Арик возбужденно следил за каждым моим словом: все, касающееся его друга, было бальзамом его сердцу:
– И еще Таммуз мне рассказывал, что помнит – у отца его был пакет с входными билетами в шахский дворец. Быть может, что-то осталось из этого пакета: дорожный билет, приглашение на праздничный ужин, на встречу в саду. Прошу тебя, если возможно, привези хотя бы что-то одно, даже просто копию.
– Конечно, – сказал я, – если только у нее что-то осталось от тех дней и она согласится мне дать.
– Прекрасно, – сказал Арик, – теперь я вернусь домой в отличном настроении.
Еще до того как мы расстались, у меня возникло желание спросить его, почему он обращается именно ко мне со столь простой просьбой, связанной с отцом его лучшего друга; ведь он может попросить об этом впрямую самого Таммуза. И всё же я подумал, что такой вопрос может быть им истолкован, как нежелание выполнить его просьбу. Более того, вопрос этот может затронуть какие-либо болезненные точки, которых Арик не хотел касаться. Быть может, по той или иной причине Таммуз прервал всякие связи со своей матерью, или она – с ним. Быть может, именно крепкая дружба не позволяет Арику обратиться в Таммузу с такой просьбой или, наоборот, он желает это скрыть от друга по своим каким-то причинам. Ведь вот, не предложил же мне адрес вдовы Эшбаала Аштарот. С другой стороны, вполне возможно, что Арик просто не придал значения моему замечанию, касающемуся этого адреса, и вообще его просьба не заключает в себе вообще никакой тайны. Просто нужные материалы, таким образом, окажутся у него гораздо скорее, чем в результате длительной переписки.
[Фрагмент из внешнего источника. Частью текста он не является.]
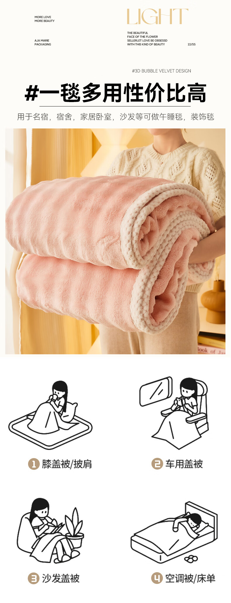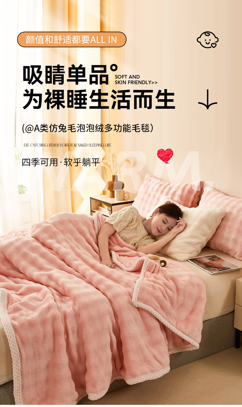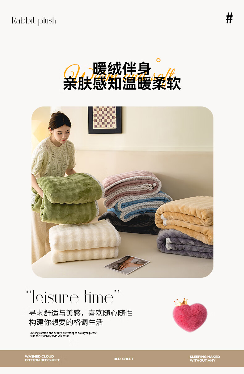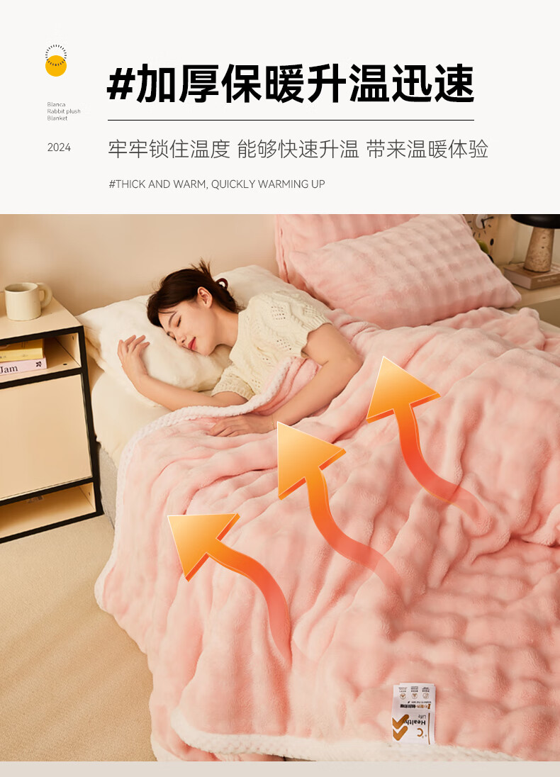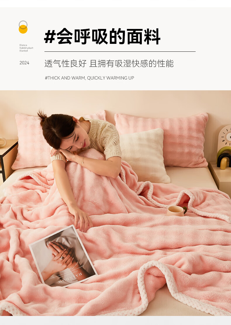 MUJI Class A rabbit fur coral fleece blanket nap blanket winter thickened sofa blanket dormitory bed baby blanket off-white Class A maternal and infant grade thickened rabbit plush 150x200cm soft and skin-friendly heat storage and temperature lock
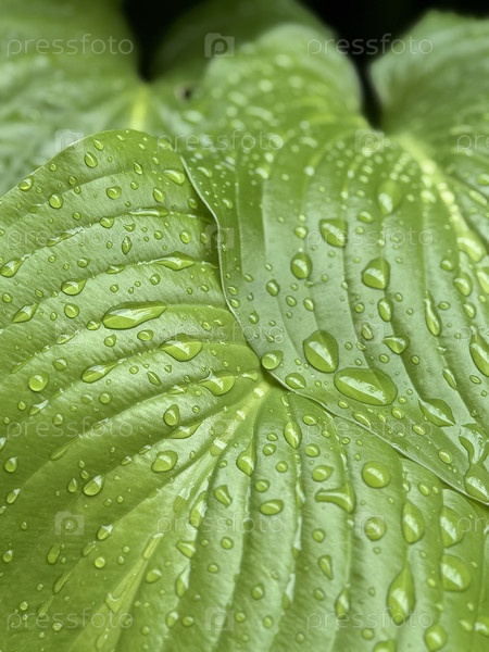 Капли дождя на листьях хозяина в летний день
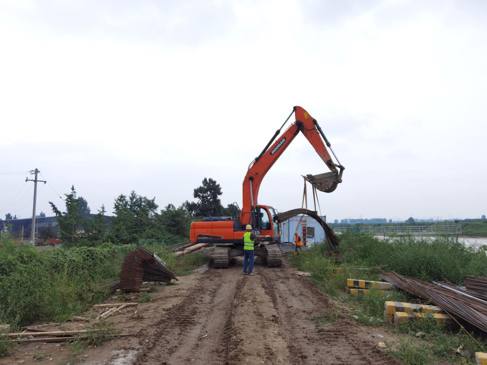 8月31日晚,涝河水位迅速上涨,涝峪口水文站实测流量达到180m³/s。三和公司副总经理林忠作为项目分管领导,第一时间赶往项目工地,靠前指挥、明确分工、夯实责任,指挥协调各项工作。项目部根据安排部署立即启动应急预案,连夜组织20人的抢险小组在左右岸河堤进行巡查,拉好安全警戒线,设置现场照明灯,准备好充足的沙袋、铁锹、反光背心、救生衣等防汛抢险物资,抽调两台挖掘机及装载机,严防死守、看紧盯牢,确保随时发现并排除险情。
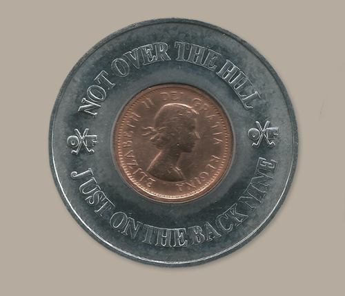 A unique and fun way to celebrate the year your golfer was born and gift them with a ball marker they'll use and enjoy! Each ball marker contains a genuine Canadian penny from their birth year and is encased in a steel ring proclaiming them members of the "Ye Old Farts Golfing Society". And as the flip side reminds us "Not over the Hill, Just on the Back Nine".
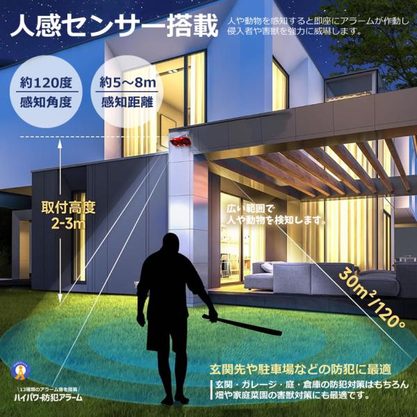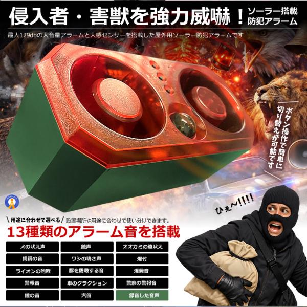 ハイパワー 防犯アラーム 13種 人感センサー 129db 大音量 ソーラー 録音機能 リモコン付 防水 N911T
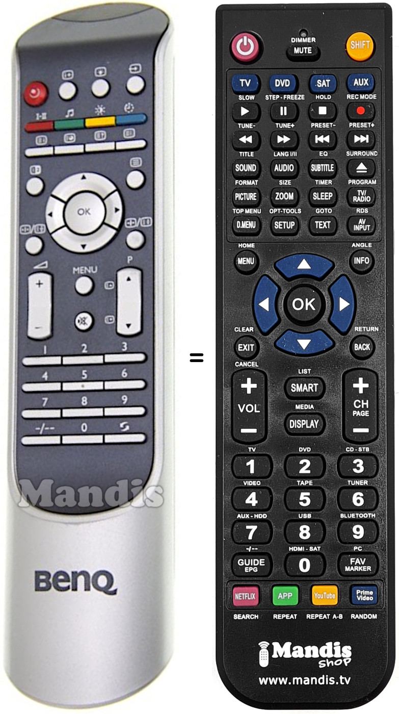 Comandament a distància que substitueix a l'original en totes les seves funcions. No es tracta d'un comandament universal sinó d'una còpia que substitueix l'original. Rebrà el comandament completament preparat per fer-lo funcionar només necessita posar-li les piles. No cal programar-lo. Té total garantia de que el comandament cumplirà amb les mateixes funcions de l'original.
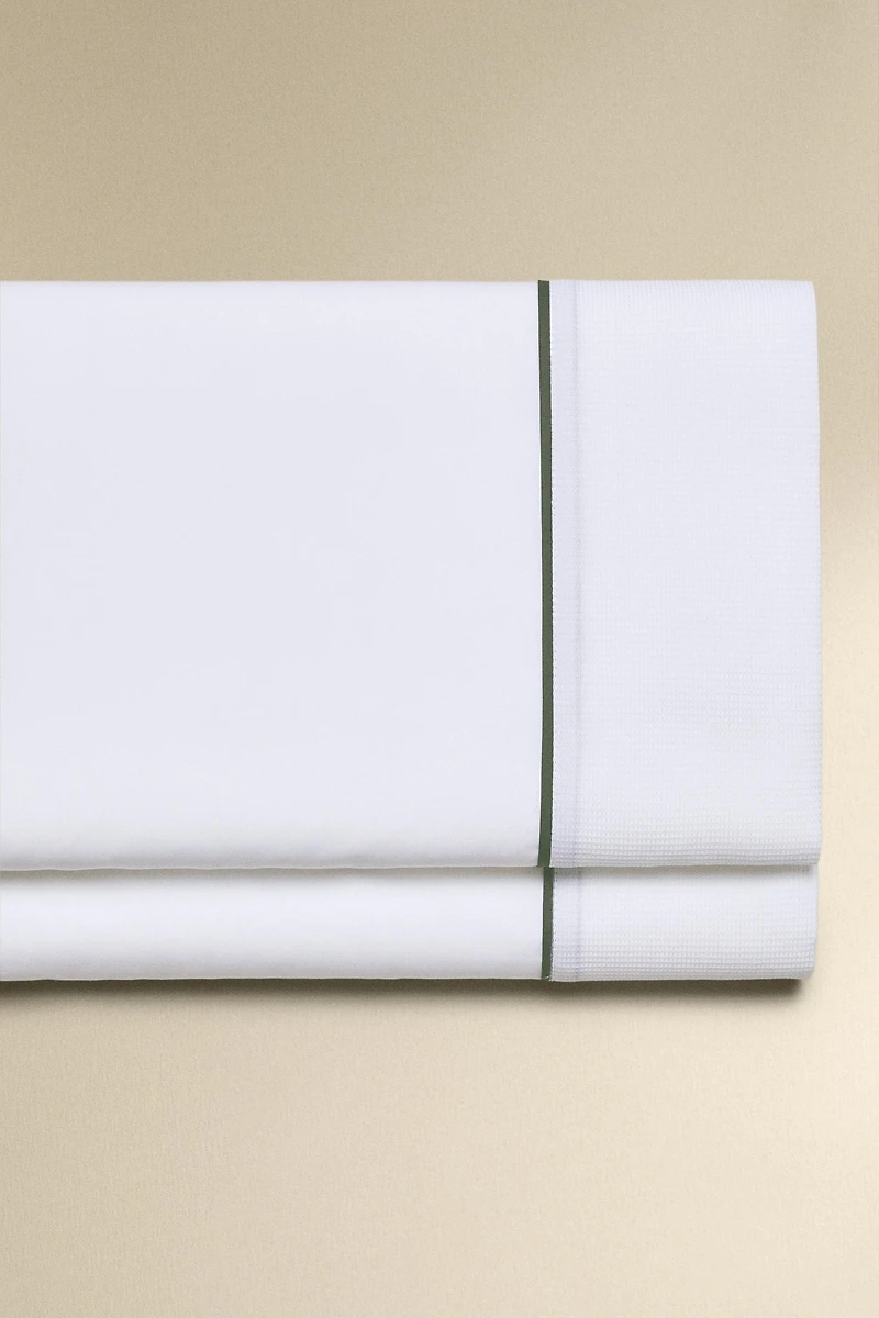 Flat sheet made of 300-thread-count cotton percale with a piqué design and piping detail.
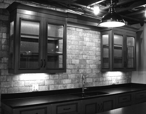 Cabinetry, distressed island, appliance paneling, open shelving, crown molding
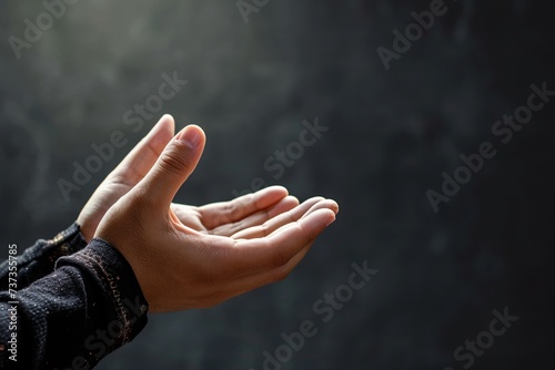 The man's palms look up in prayer, Eastern traditions. Concept of islamic religion Ramadan Eid al-Adha, Eid al-fit

После того как мы расстались и я убедился в том, что, друг Арика и есть Таммуз, сын Эшбаала Аштарот, внезапно, до сердцебиения, я ощутил острую неудовлетворенность: ведь не спросил я Арика о главном: почему Таммуз здесь, в Париже, живет под именем Томас Астор? Сомнения начали меня грызть не менее сильно, чем до встречи с Ариком. В общем-то, все сошлось на том, что Таммуз Аштарот и есть Томас Астор, но именно поэтому остро встал вопрос: почему он был столь отчужден во время нашей встречи. Нет, он вовсе не притворялся. Томас Астор просто не был со мной знаком. Он ведь не знал, с кем ему предстоит встретиться. И если он и вправду был Таммузом, скрывающимся под иным именем, некий незаметный знак удивления от неожиданной встречи, трепет ресниц, мигнувшее веко, едва искривившийся рот, непроизвольный жест руки – должны были его выдать. И это даже в том случае, если он решил намеренно не признать меня, после того как понял, что его собеседник – не автор пьесы «Откровение человека» Аарон Дан, а я, выступающий от его имени и по его поручению? Но, быть может, Таммуз – Томас Астор вовсе не чурался меня, а просто-напросто не узнал после тридцати пяти лет, по сути, целой жизни, и был искренне уверен в том, что беседует с автором пьесы «Откровение человека» Аароном Даном? Да, говорили мы по-французски, но проблемы, поднятые в пьесе, были явно израильскими, явно знакомыми ему по прошлой жизни. Однако Томас Астор даже слабым намеком не открылся, что он уроженец Израиля, не произнес ни одного ивритского слова, как будто не был сыном ивритского поэта, а абсолютно чуждым Израилю, его языку, проблемам, всему, что там происходит.